Autonomous vehicles depend on this electronic sensing system. But has the connector industry been fully involved in its evolution?
By Terry Costlow, Contributing Editor
Cameras and radar have become commonplace on modern vehicles, and a surveying technology called LiDAR is getting a lot of attention. However, most product planners say that LiDAR will be only part of a larger mix of sensor technologies that will be needed when fully autonomous vehicles start seeing market acceptance.
LiDAR, a surveying technology that stands for Light Detection and Ranging, adds a laser to a conventional camera, which enables sensors to function somewhat like radar. Analyzing the returning laser light provides distance information that augments the camera’s standard imaging. The laser also helps the system provide higher resolution imagery at night and in rain or snow. Many vehicle planners feel those traits are needed for fully autonomous driving, and the system is being included in many of the autonomous vehicles that are being designed today.
Though many LiDAR systems currently use moving parts, there’s huge interest in emerging non-mechanical technologies that can survive in the harsh automotive environment. Automotive companies have aligned with several small companies that make solid-state LiDAR technologies, which aren’t yet ready for automotive applications.

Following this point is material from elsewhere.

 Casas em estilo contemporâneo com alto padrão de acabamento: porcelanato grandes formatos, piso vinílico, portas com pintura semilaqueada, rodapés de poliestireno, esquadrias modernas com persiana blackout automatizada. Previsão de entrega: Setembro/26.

Delphi recently invested in Innoviz Technologies, an Israeli startup. Ford made a large investment in Velodyne, while ZF bought a 40% stake in Ibeo. Continental acquired Advanced Scientific Concepts. Analog Devices Inc. (ADI) acquired Vescent Photonics Inc.

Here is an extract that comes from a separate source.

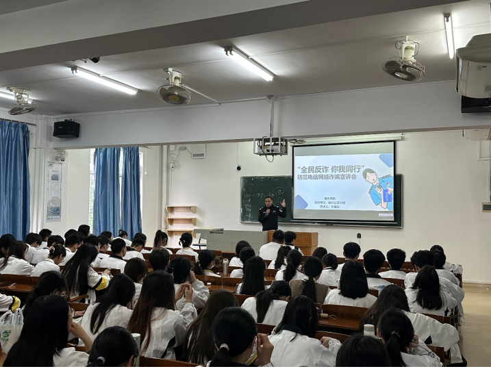 讲座围绕在校大学生的人身安全、消防安全和防诈骗、防传销、防“套路贷”等方面展开。结合大学生群体特点,重点介绍了刷单返利、“杀猪盘”、冒充电商物流客服、熟人、领导、“公检法”,虚假投资理财、虚假购物、非法校园贷和网络游戏虚假交易等典型电信网络诈骗方式。告诫同学们要牢固树立安全意识,不断提高自我保护意识和安全防范技能。

Independent LiDAR suppliers are also gearing up to meet demand that’s expected to soar as autonomous vehicles start entering the market. They aren’t shy about building up expectations.

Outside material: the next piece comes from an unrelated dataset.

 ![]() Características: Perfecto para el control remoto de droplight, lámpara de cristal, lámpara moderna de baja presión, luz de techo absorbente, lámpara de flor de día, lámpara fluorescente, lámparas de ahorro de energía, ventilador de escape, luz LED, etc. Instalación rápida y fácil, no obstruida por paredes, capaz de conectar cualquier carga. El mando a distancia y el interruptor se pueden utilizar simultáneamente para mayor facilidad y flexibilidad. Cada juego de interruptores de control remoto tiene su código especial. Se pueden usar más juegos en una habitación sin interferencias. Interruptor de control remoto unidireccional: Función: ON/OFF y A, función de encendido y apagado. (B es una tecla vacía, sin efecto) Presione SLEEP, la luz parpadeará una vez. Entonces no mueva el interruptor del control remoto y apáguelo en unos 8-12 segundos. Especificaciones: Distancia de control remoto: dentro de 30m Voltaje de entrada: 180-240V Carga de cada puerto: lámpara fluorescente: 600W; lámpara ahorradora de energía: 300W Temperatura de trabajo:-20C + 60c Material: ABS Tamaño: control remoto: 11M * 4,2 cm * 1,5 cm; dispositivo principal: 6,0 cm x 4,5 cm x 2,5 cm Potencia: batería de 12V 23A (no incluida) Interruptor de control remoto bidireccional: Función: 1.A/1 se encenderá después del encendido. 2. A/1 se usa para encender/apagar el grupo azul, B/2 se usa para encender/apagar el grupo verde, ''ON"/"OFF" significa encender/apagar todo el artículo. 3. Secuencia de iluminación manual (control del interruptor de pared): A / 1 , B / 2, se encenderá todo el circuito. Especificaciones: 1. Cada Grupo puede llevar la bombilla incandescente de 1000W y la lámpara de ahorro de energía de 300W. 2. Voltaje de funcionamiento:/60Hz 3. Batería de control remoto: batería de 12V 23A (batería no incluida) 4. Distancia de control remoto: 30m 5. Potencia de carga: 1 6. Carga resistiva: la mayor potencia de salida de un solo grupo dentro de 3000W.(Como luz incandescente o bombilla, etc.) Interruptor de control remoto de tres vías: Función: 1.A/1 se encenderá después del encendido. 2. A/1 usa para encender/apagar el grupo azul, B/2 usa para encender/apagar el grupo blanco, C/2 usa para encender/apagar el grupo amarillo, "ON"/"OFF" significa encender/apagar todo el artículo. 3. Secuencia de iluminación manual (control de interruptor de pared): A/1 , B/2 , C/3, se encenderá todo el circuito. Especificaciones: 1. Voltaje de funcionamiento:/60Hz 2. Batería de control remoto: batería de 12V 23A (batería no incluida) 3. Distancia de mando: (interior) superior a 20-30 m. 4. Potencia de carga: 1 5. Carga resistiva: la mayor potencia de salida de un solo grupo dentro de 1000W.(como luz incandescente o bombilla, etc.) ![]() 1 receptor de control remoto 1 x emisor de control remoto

“We’re working with every single OEM,” said Louay Eldada, Quanergy’s CEO. “Everyone wants LiDAR. Our solid state LiDAR will be in production late this year.”
Other LiDAR suppliers are focused a bit more on the long term, since cameras, radar, and ultrasound sensors are effective for most advanced driver assistance systems now being designed into new vehicles. But researchers in the auto industry are already working on prototype vehicles that employ mechanical LiDAR systems. That will help prepare them for a transition to smaller packages for marketable vehicles.
“We’ve got products in development that target the post-2020 model year,” said Chris Jacobs, General Manager of Automotive Safety for ADI. “The products we have now are the size of a bread box – no one wants that on a production vehicle.”
Where are the Connectors?
Though LiDAR brings many technical advantages, most automakers won’t deploy LiDAR until solid-state modules become cost-effective. Adding the laser and some processing pushes pricing higher than the costs of other sensors, so LiDAR probably won’t be deployed in advanced safety systems before the transition to full autonomy. In this early phase, connectors aren’t a major design concern. Yet, they will undoubtedly be a key element in future designs, so connector companies are eager to be involved in the design and development process.
“It’s been difficult getting engineering face time with OEMs and Tier 1s,” said Nate Owens, associate product marketing manager at Phoenix Contact. “We’d like to have conversations about optimizing wire harnesses, but most engineers are currently happy to use standard connectors and cabling.”
As LiDAR joins the mix of sensors, conventional wiring will undergo a major evolutionary step. The CAN links and other common connections in the wiring harness world will probably be joined by Ethernet, which provides far higher speeds than anything now used on the highways.
“No doubt, the architectures have to change,” said Mark Rettig, global marketing manager at Molex. “It won’t be simple, twisted-pair wiring any more. Speeds are going up from 100Mbits per second to six or more Gbits per second. Many sensors will probably be connected using Ethernet.”
The evolution will have many implications for connector suppliers. When high-resolution sensors are transmitting copious amounts of data, providing enough speed is only the price of admission to the marketplace.
“One thing that has really come into play is signal integrity,” said Joe Falcone, new product development manager, vehicle networking solutions, at Molex. “Impedance matching has become important and we have to look at EMI and EMC to protect signal integrity. It’s a lot different from the past, when you put a connector on twisted copper and you were done.”
Reliability is also a critical factor for connectors. Shock and vibration levels are high, given the poor state of many roads. Connectors are often stuck behind bumpers or close to noisy engine compartments, where they’re exposed to the elements.
“Most LiDAR modules will be in harsh environments,” Owens said. “They’ll need to be fully water tight and match or exceed the standard requirements we have today. They’ll also need fully shielded, twisted pair cabling so there won’t be any crosstalk.”
Cooling also becomes a more important aspect in connector design. Automotive components always need to have broad temperature ranges so vehicles can be used in the Arctic or in deserts. That’s exacerbated by LiDAR, since the components themselves add a fair amount of heat.
“Cameras can generate a lot of heat because they have an LED,” Rettig said. “You’ve got to dissipate that heat or it can distort the picture. Connectors have to provide high speed, you have to look at the system from end to end, from chip to chip.”
The best way to design a system that takes all of these factors into account is to include connector companies from the very start. When individual components operate in harmony, the end product and performance are that much more dependable. In a system designed for safety, nothing is more important.